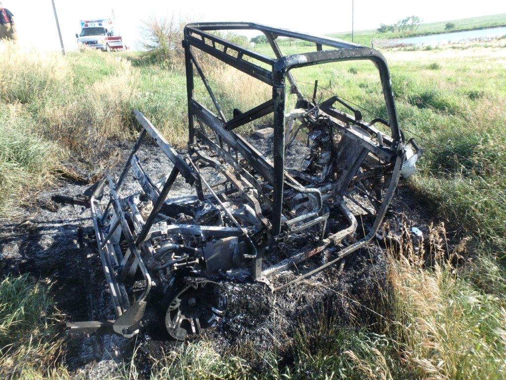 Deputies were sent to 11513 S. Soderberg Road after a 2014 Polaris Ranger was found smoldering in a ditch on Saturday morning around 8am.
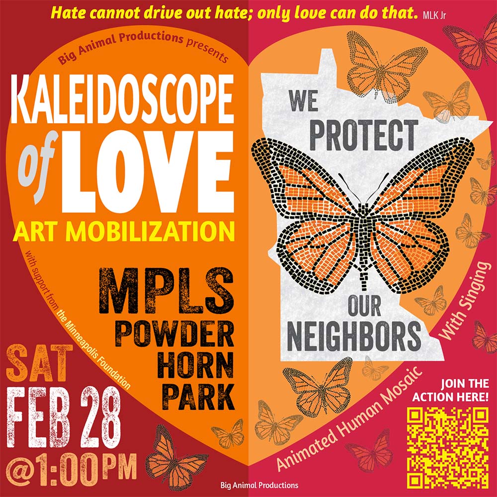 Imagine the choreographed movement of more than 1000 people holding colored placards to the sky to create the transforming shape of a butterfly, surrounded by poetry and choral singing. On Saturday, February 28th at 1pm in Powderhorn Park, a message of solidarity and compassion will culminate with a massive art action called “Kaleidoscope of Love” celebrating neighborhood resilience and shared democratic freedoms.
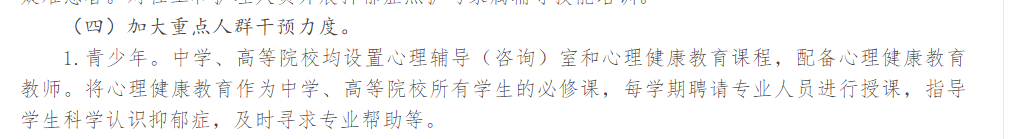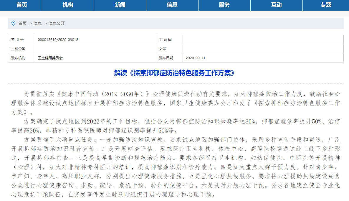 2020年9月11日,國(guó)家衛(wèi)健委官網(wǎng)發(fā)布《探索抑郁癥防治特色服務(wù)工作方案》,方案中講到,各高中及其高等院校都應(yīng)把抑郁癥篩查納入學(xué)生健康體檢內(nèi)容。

WHAT IS EXPECTED
Each line above should be set down exactly as written, with pictures excluded.

SOLVED PROBLEM
 Deputies were sent to 11513 S. Soderberg Road after a 2014 Polaris Ranger was found smoldering in a ditch on Saturday morning around 8am.
 Imagine the choreographed movement of more than 1000 people holding colored placards to the sky to create the transforming shape of a butterfly, surrounded by poetry and choral singing. On Saturday, February 28th at 1pm in Powderhorn Park, a message of solidarity and compassion will culminate with a massive art action called “Kaleidoscope of Love” celebrating neighborhood resilience and shared democratic freedoms.
 2020年9月11日,國(guó)家衛(wèi)健委官網(wǎng)發(fā)布《探索抑郁癥防治特色服務(wù)工作方案》,方案中講到,各高中及其高等院校都應(yīng)把抑郁癥篩查納入學(xué)生健康體檢內(nèi)容。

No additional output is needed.